** Opening TASK DATA block **

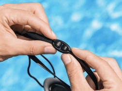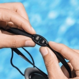Weiche Silikonauflagen schließen sicher am Gesicht ab und verhindern das Eindringen von Wasser. Das verstellbare Silikonband mit Schnellregulierung und der bequeme Nasensteg ermöglichen einen präzisen, stabilen Sitz bei jedem Zug.
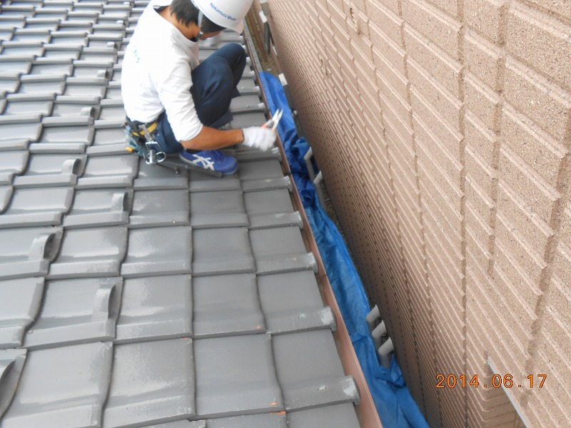 仮設:足場架け払い・養生シートリース(約30平方メートル) 解体:瓦めくり撤去処分(土含む) 鼻先部木部解体撤去処分 雨樋解体撤去処分 小庇:解体撤去処分 大工:瓦下地 破風加工 鼻隠し新設軒天 瓦:鼻先瓦葺き戻し 板金:小庇撤去部板金補修(約8平方メートル) 樋:軒樋半丸105 金具込み8.6m 集水器
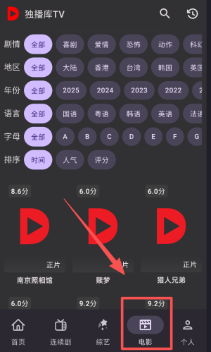 4、若想看电影,点击底部“电影”,可通过剧情、地区、语言等筛选条件找到想看的电影。
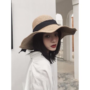 草編帽毛邊平頂大檐拉菲草帽女夏天沙灘帽海邊度假防曬大沿遮陽帽
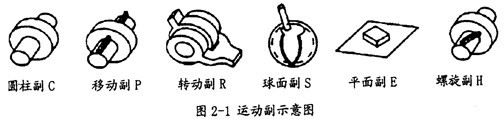 在等角速萬向聯(lián)軸器中,大部分都屬于連桿機(jī)構(gòu).最古老的雙聯(lián)十字軸萬向聯(lián)軸器機(jī)構(gòu)就是球面四連桿機(jī)構(gòu)。從大量的不同的機(jī)構(gòu)綜合中,有可能得出多種實(shí)用的等角速連桿機(jī)構(gòu),所以研究等角速理論,以連桿機(jī)構(gòu)的型式和尺度關(guān)系為對象,進(jìn)行新的等角速理論的探索,在一定的意義上是可行的。在機(jī)構(gòu)學(xué)上,構(gòu)件同構(gòu)件間的連接稱為副,其不同的形式和代號如圖2-1所示:
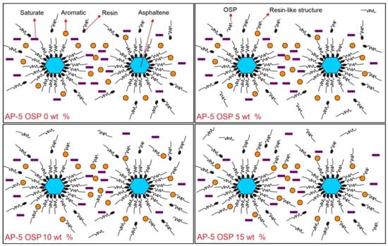 To gain deeper insight into the impact of oyster shell powder (OSP) on the composition of asphalt cement, this latter was divided into SARA (i.e., saturates, aromatics, resins, and asphaltenes) fractions by using standard procedure based on adsorption chromatography (e.g., TLC-FID) [32]. Figure 6 pinpoints the distribution of SARA type hydrocarbons in the base asphalt (i.e., AP-5 OSP 0 wt %) and asphalt treated with different proportions (e.g., 5, 10, and 15 wt %) of OSP. Curiously, it shows that the composition of asphalt changed after the addition of OSP. The fraction of aromatics components decreased; meanwhile, the fraction of resins increased. The remaining species such as saturates and asphaltenes did not undergo any significant changes. The changing of such composition fraction implies that the aromatics in lighter fractions of asphalt were more probably changed to resins. In other terms, it seems that the aromatics were selectively interacted with OSP surface [49,50] and readily converted into resin-like structures (see Figure 7). The oyster shell powder (i.e., CaCO3) with high calcium content is naturally hydrophilic material and tends to create strong bonds with hydrophobic organic compounds such as bitumen. The strong bonding between the calcite (mainly calcium sites) and adsorbate aromatic molecules most likely involved the carboxylic, hydroxylic, and amines groups; some van der Waals and electrostatic interactions may have also occurred [49,50]. This is a very interesting finding that necessitates further in-depth investigation.
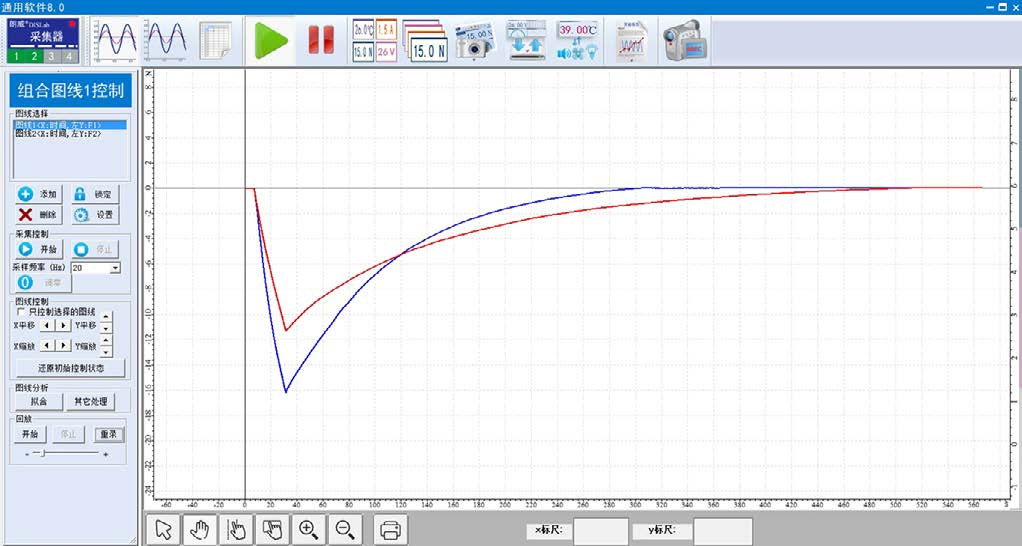 1 将两只力传感器分别接入数据采集器,并将数据采集器接入计算机,打开 8.0 通用软件,单击“组合曲线”,添加两条“F – t”图线,并对传感器进行调零;
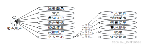 - 个人中心:个人中心是用户管理个人活动和历史记录的地方。在这里,用户可以查看个人首页,管理预约看房的记录,查看和管理销售订单,申请售后服务选项,管理收藏的楼盘和资讯,以及管理自己的评论。
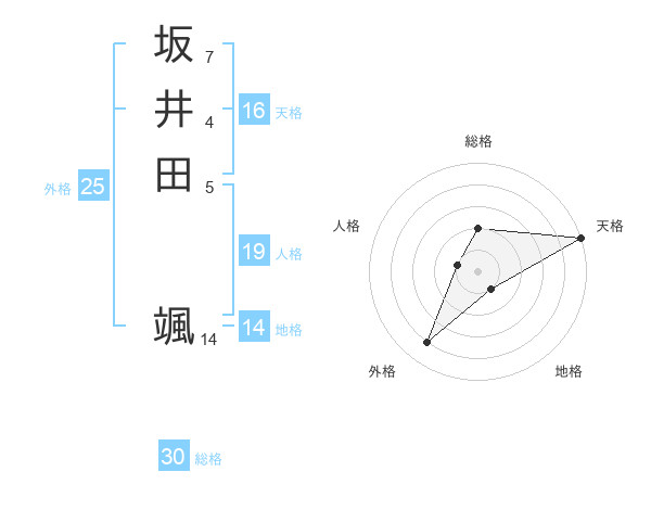 坂井田 颯さんを姓名の画数から五運を鑑定
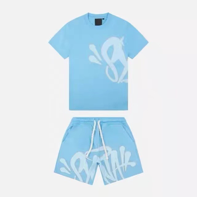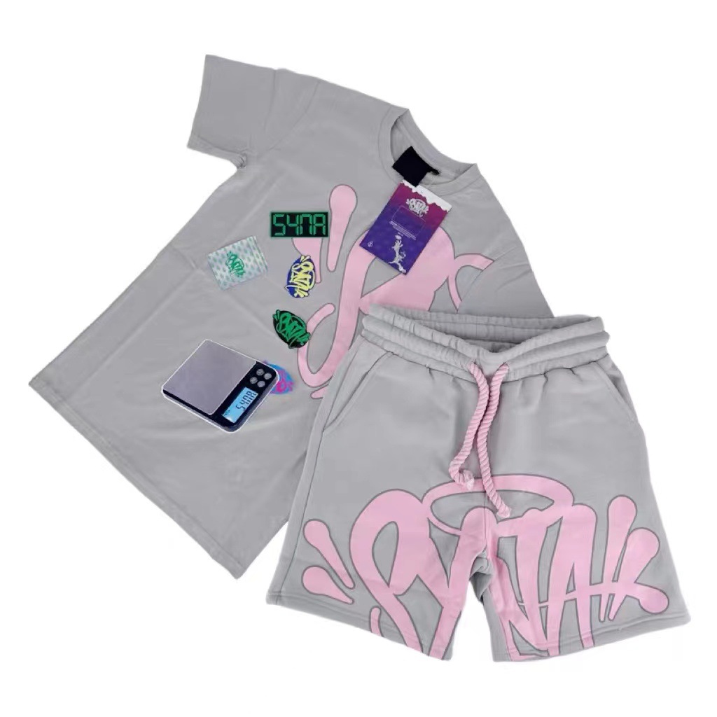 Yipinpay Aesthetics Male Gothic 2-Piece Hip-Hop Alphabet Print 0-Collar T-Shirt + Rope Wide Legs And Short
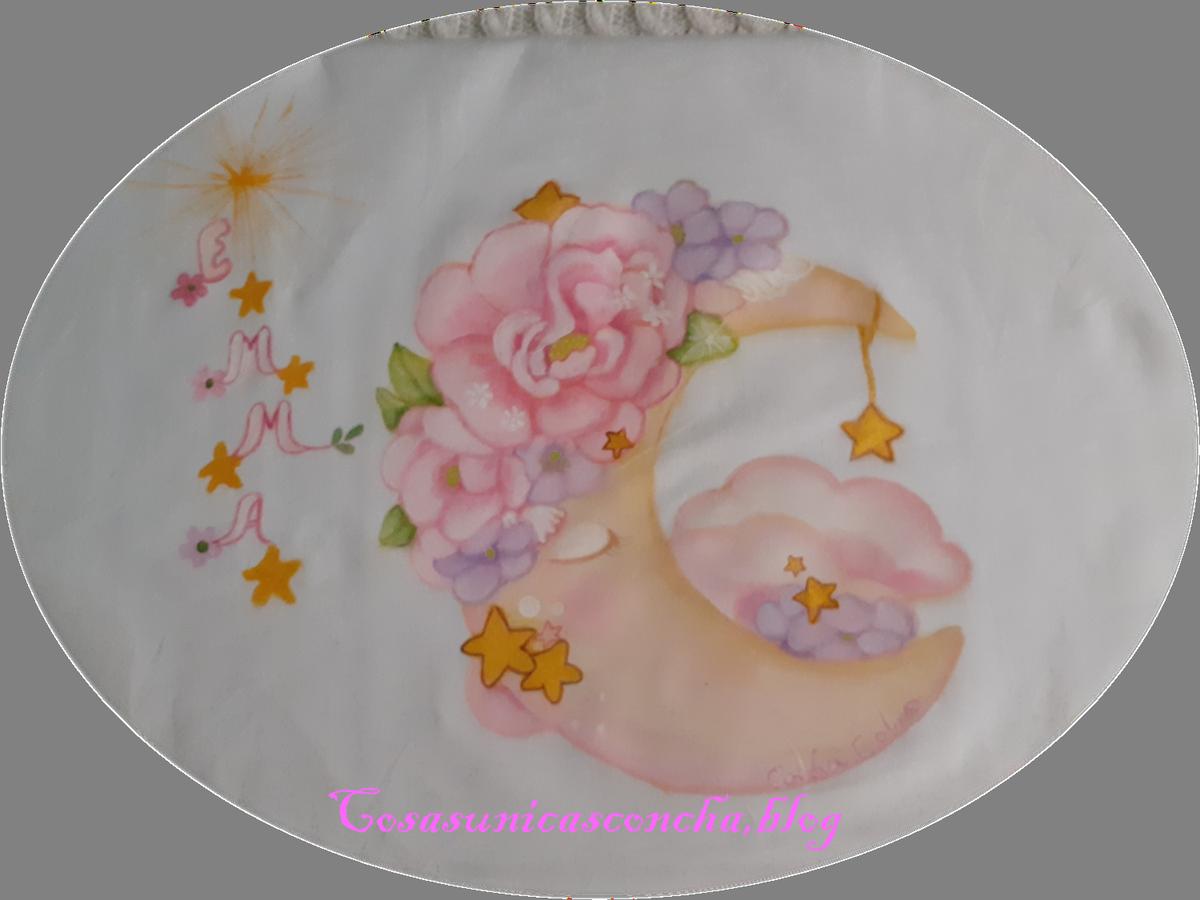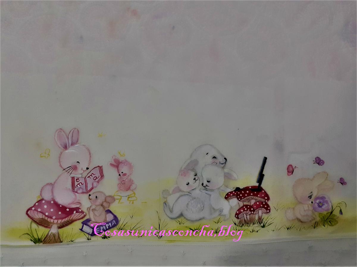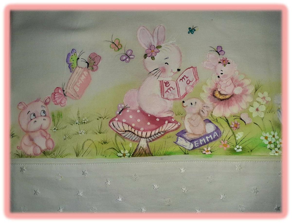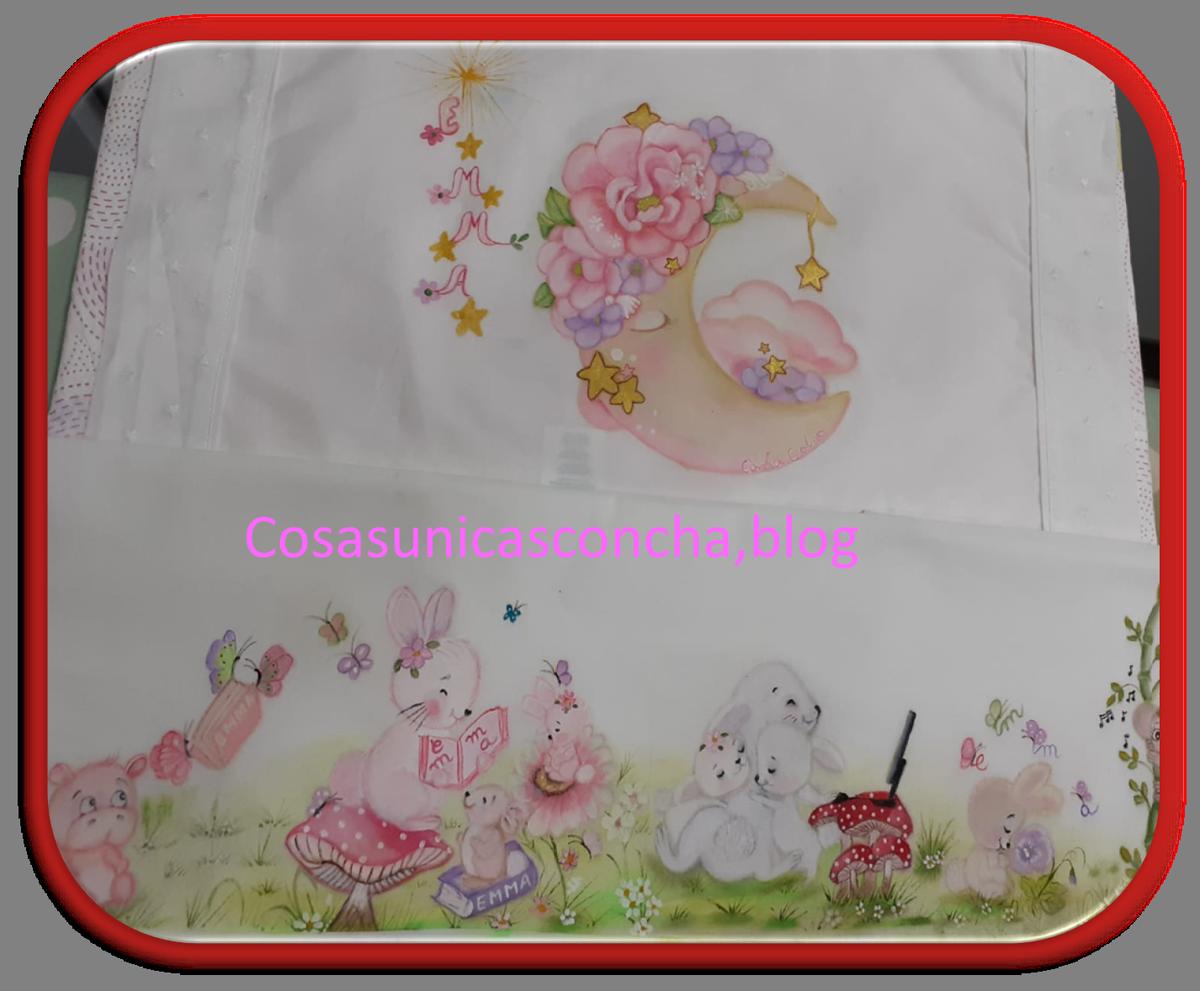 Estas sabanitas ya os he contado que son para Emma, la sobrinita de Ana, a la que me une una amistad de muchos años y por la que empece a pintar las sabanitas “” de cuento””.

** Closing TASK DATA block **

» WHAT YOU NEED TO DO:
From the first line to the last, repeat the records exactly. Leave out the pictures.

» TASK RESPONSE:
Weiche Silikonauflagen schließen sicher am Gesicht ab und verhindern das Eindringen von Wasser. Das verstellbare Silikonband mit Schnellregulierung und der bequeme Nasensteg ermöglichen einen präzisen, stabilen Sitz bei jedem Zug.
 仮設:足場架け払い・養生シートリース(約30平方メートル) 解体:瓦めくり撤去処分(土含む) 鼻先部木部解体撤去処分 雨樋解体撤去処分 小庇:解体撤去処分 大工:瓦下地 破風加工 鼻隠し新設軒天 瓦:鼻先瓦葺き戻し 板金:小庇撤去部板金補修(約8平方メートル) 樋:軒樋半丸105 金具込み8.6m 集水器
 4、若想看电影,点击底部“电影”,可通过剧情、地区、语言等筛选条件找到想看的电影。
 草編帽毛邊平頂大檐拉菲草帽女夏天沙灘帽海邊度假防曬大沿遮陽帽
 在等角速萬向聯(lián)軸器中,大部分都屬于連桿機(jī)構(gòu).最古老的雙聯(lián)十字軸萬向聯(lián)軸器機(jī)構(gòu)就是球面四連桿機(jī)構(gòu)。從大量的不同的機(jī)構(gòu)綜合中,有可能得出多種實(shí)用的等角速連桿機(jī)構(gòu),所以研究等角速理論,以連桿機(jī)構(gòu)的型式和尺度關(guān)系為對象,進(jìn)行新的等角速理論的探索,在一定的意義上是可行的。在機(jī)構(gòu)學(xué)上,構(gòu)件同構(gòu)件間的連接稱為副,其不同的形式和代號如圖2-1所示:
 To gain deeper insight into the impact of oyster shell powder (OSP) on the composition of asphalt cement, this latter was divided into SARA (i.e., saturates, aromatics, resins, and asphaltenes) fractions by using standard procedure based on adsorption chromatography (e.g., TLC-FID) [32]. Figure 6 pinpoints the distribution of SARA type hydrocarbons in the base asphalt (i.e., AP-5 OSP 0 wt %) and asphalt treated with different proportions (e.g., 5, 10, and 15 wt %) of OSP. Curiously, it shows that the composition of asphalt changed after the addition of OSP. The fraction of aromatics components decreased; meanwhile, the fraction of resins increased. The remaining species such as saturates and asphaltenes did not undergo any significant changes. The changing of such composition fraction implies that the aromatics in lighter fractions of asphalt were more probably changed to resins. In other terms, it seems that the aromatics were selectively interacted with OSP surface [49,50] and readily converted into resin-like structures (see Figure 7). The oyster shell powder (i.e., CaCO3) with high calcium content is naturally hydrophilic material and tends to create strong bonds with hydrophobic organic compounds such as bitumen. The strong bonding between the calcite (mainly calcium sites) and adsorbate aromatic molecules most likely involved the carboxylic, hydroxylic, and amines groups; some van der Waals and electrostatic interactions may have also occurred [49,50]. This is a very interesting finding that necessitates further in-depth investigation.
 1 将两只力传感器分别接入数据采集器,并将数据采集器接入计算机,打开 8.0 通用软件,单击“组合曲线”,添加两条“F – t”图线,并对传感器进行调零;
 - 个人中心:个人中心是用户管理个人活动和历史记录的地方。在这里,用户可以查看个人首页,管理预约看房的记录,查看和管理销售订单,申请售后服务选项,管理收藏的楼盘和资讯,以及管理自己的评论。
 坂井田 颯さんを姓名の画数から五運を鑑定
 Yipinpay Aesthetics Male Gothic 2-Piece Hip-Hop Alphabet Print 0-Collar T-Shirt + Rope Wide Legs And Short
 Estas sabanitas ya os he contado que son para Emma, la sobrinita de Ana, a la que me une una amistad de muchos años y por la que empece a pintar las sabanitas “” de cuento””.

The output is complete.